Escassez de imóveis adequados poderá condicionar distribuição de comércio online nas grandes áreas metropolitanas.

A pandemia de Covid-19 veio aumentar o comércio eletrónico e evidenciar um consumidor cada vez mais exigente no que diz respeito ao serviço e à eficiência das suas compras online. Consequentemente, os retalhistas tradicionais e as plataformas de comércio eletrónico têm vindo a elevar o padrão para responder às expectativas dos consumidores. Para tal, têm sido realizados elevados investimentos em novas tecnologias e em sistemas eficazes de distribuição, de forma a aumentar a capacidade de manuseamento de encomendas, reduzir os tempos de entrega e assegurar que a encomenda é entregue ao consumidor final. Contudo, o sucesso da distribuição de encomendadas realizadas online está muito dependente da última etapa da cadeia de abastecimento, quando os produtos são entregues aos consumidores, designada como “last mile”.

Assim, o rápido crescimento do comércio online está a promover um aumento da procura por imóveis que respondam às necessidade da last mile dentro e ao redor das principais áreas metropolitanas, especialmente para armazéns de menor dimensão e mais eficientes, privilegiando áreas de logradouro capazes de acomodar vários veículos de entrega e situados em locais com boas acessibilidades que permitam acelerar o tempo de colocação de um pedido nas mãos do consumidor.

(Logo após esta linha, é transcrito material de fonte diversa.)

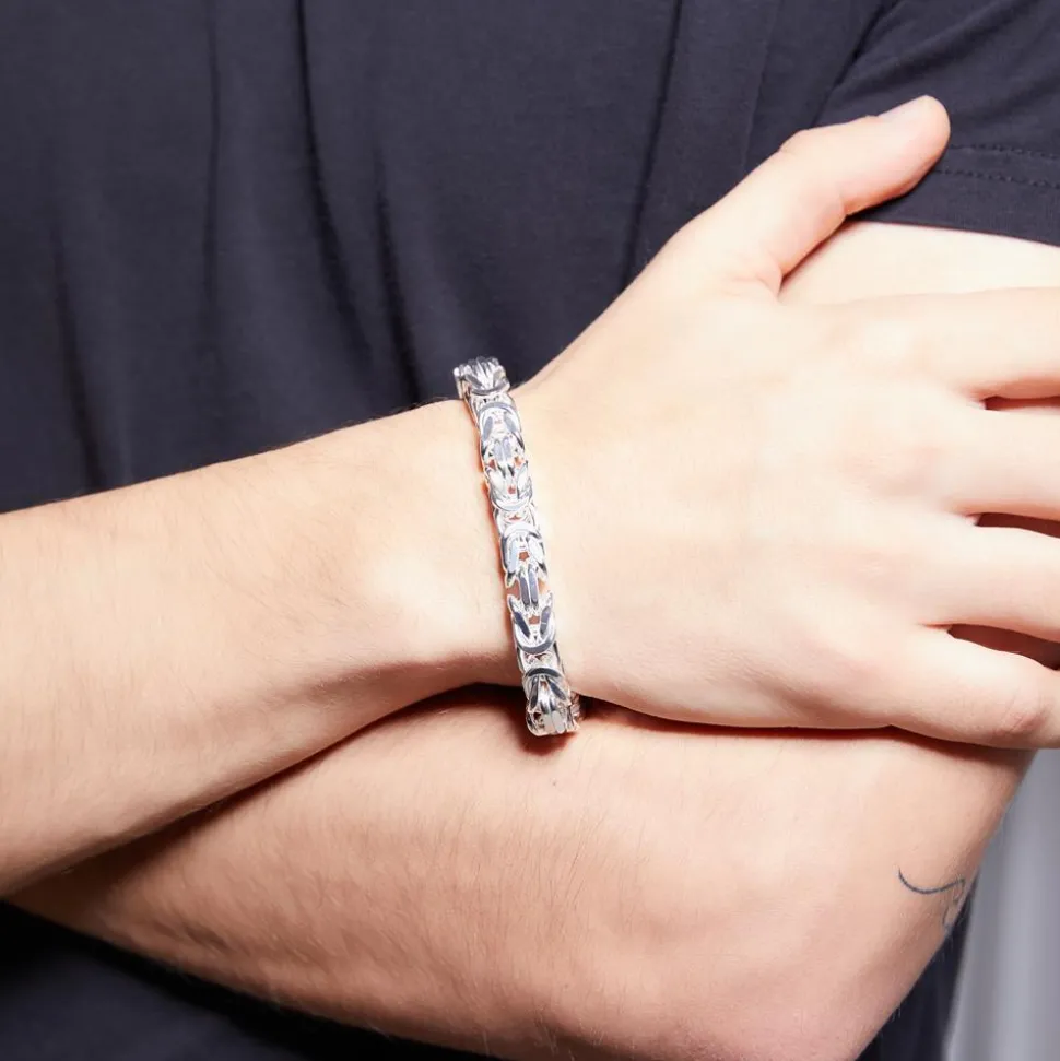 Ein absoluter Blickfang – das ist dieses Armband für Herren aus 925er Silber. Aufgrund der hohen Nachfrage, haben wir es ermöglicht – neben der Premium-Variante – hiermit auch eine preisgünstigere und dennoch qualitativ hochwertige Alternative zu bieten. Es besitzt Königskettenglieder in Vierkant-Form und hat eine Stärke von 8 mm. Das Armband besitzt einen klassischen Karabinerverschluss und die Endkappen sind verlötet, wodurch – bei dem vorhandenen Gewicht – die Stabilität gewährleistet werden kann. Zudem ist es zu 100 % Handarbeit. Daher kann es aber auch bei Länge, Gewicht und Breite zu einer Abweichung von bis zu 3 % kommen.

Nas grandes áreas metropolitanas, encontrar imóveis que beneficiem as operações dos ocupantes da logística de last mile em termos de mobilidade e eficiência é atualmente um desafio devido à escassez de terrenos cuja classificação urbanística do solo permita esse uso, restrições a operações logísticas, e acessibilidades e congestionamento do tráfego. Em diversas capitais europeias, têm vindo a ser exploradas diferentes alternativas de ativos, com localizações centrais, como o piso térreo de edifícios residenciais, a conversão de espaços de retalho (nomeadamente em stand alone), e a utilização de parques de estacionamento para parquear veículos.

A logística da última milha em locais urbanos centrais será fundamental para uma maior precisão, mas os ocupantes não vão necessariamente querer comprometer-se com arrendamentos de longo prazo. Algumas plataformas de comércio eletrónico e empresas de distribuição vão ainda procurar reforçar as suas operações, celebrando arrendamentos de curto prazo para aumentar a sua capacidade operacional nos períodos de pico como Natal e Black Friday. Este foco na flexibilidade e agilidade irá influenciar os requisitos da procura de espaço por parte dos ocupantes nos próximos anos.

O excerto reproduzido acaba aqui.